WHAT IS NEEDED – How do the lines read from the one holding "7dílná zahradní sedací" through the last line of the listing? Set them down exactly, pictures omitted.

DATA SEGMENT –
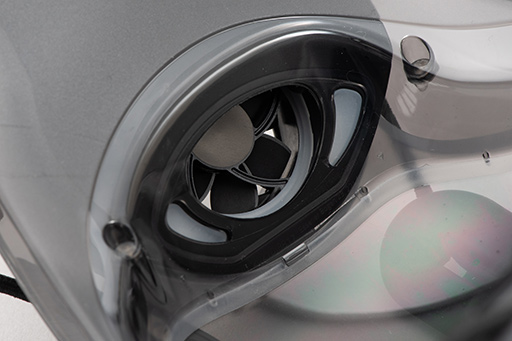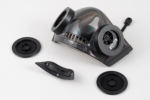 顔に触れる部品を外すと,吸気孔内側の小型ファンとLED(ファンの左右に見える灰色の部分)が見える
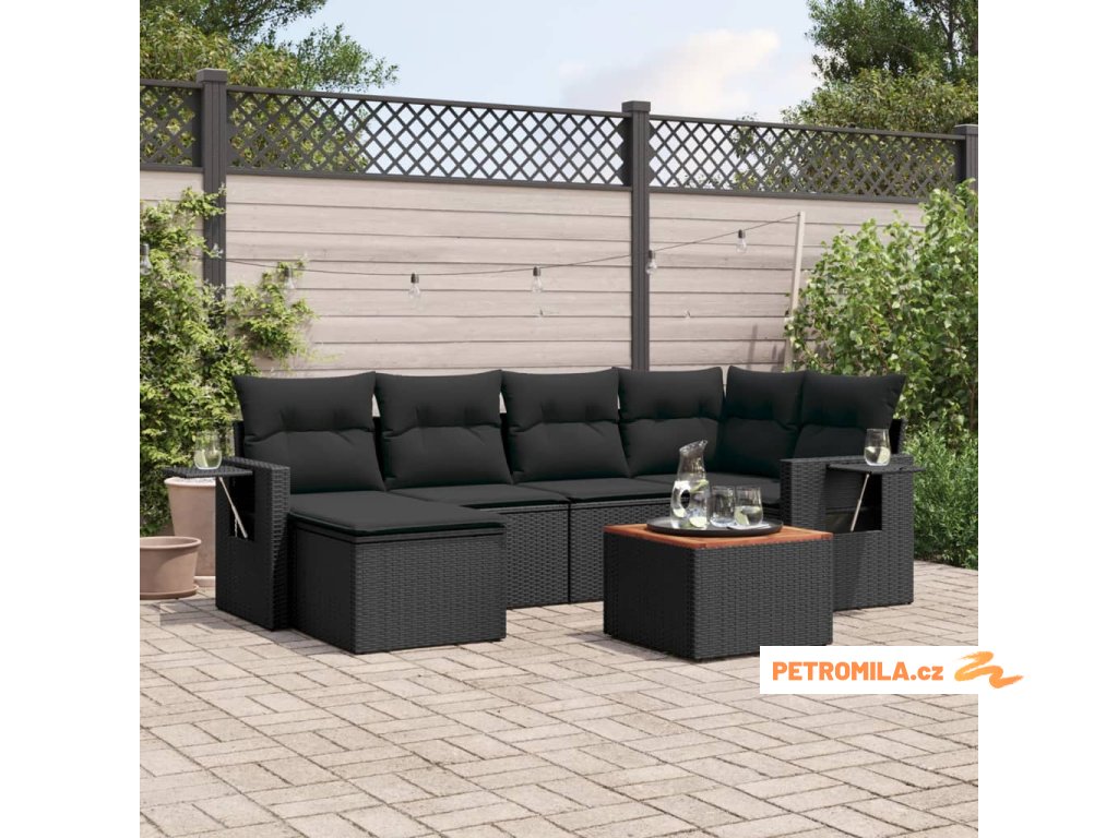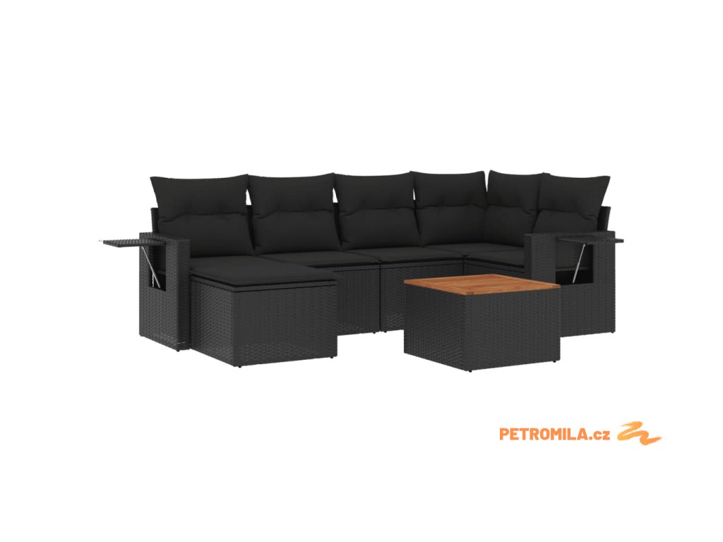 7dílná zahradní sedací souprava s poduškami černá polyratan
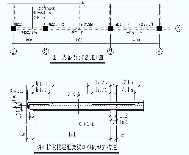 本框架梁箍筋長度計算公式為:(梁高-2×保護層厚度+梁寬-2×保護層厚度)×2+24×箍筋直徑,箍筋加密區長度為本框架梁梁高的1.5倍,箍筋根數計算公式分別為:【(加密區長度-50)/加密間距】+1及(非加密區長度/非加密間距-1)。縱向受力鋼筋搭接區箍筋構造不予考慮。(鋼筋理論重量:25=3.850kg/m,18=1.998kg/m,8=0.395kg/m,計算結果保留小數點后2位。)

RESPONSE TO THIS TASK –
 7dílná zahradní sedací souprava s poduškami černá polyratan
 本框架梁箍筋長度計算公式為:(梁高-2×保護層厚度+梁寬-2×保護層厚度)×2+24×箍筋直徑,箍筋加密區長度為本框架梁梁高的1.5倍,箍筋根數計算公式分別為:【(加密區長度-50)/加密間距】+1及(非加密區長度/非加密間距-1)。縱向受力鋼筋搭接區箍筋構造不予考慮。(鋼筋理論重量:25=3.850kg/m,18=1.998kg/m,8=0.395kg/m,計算結果保留小數點后2位。)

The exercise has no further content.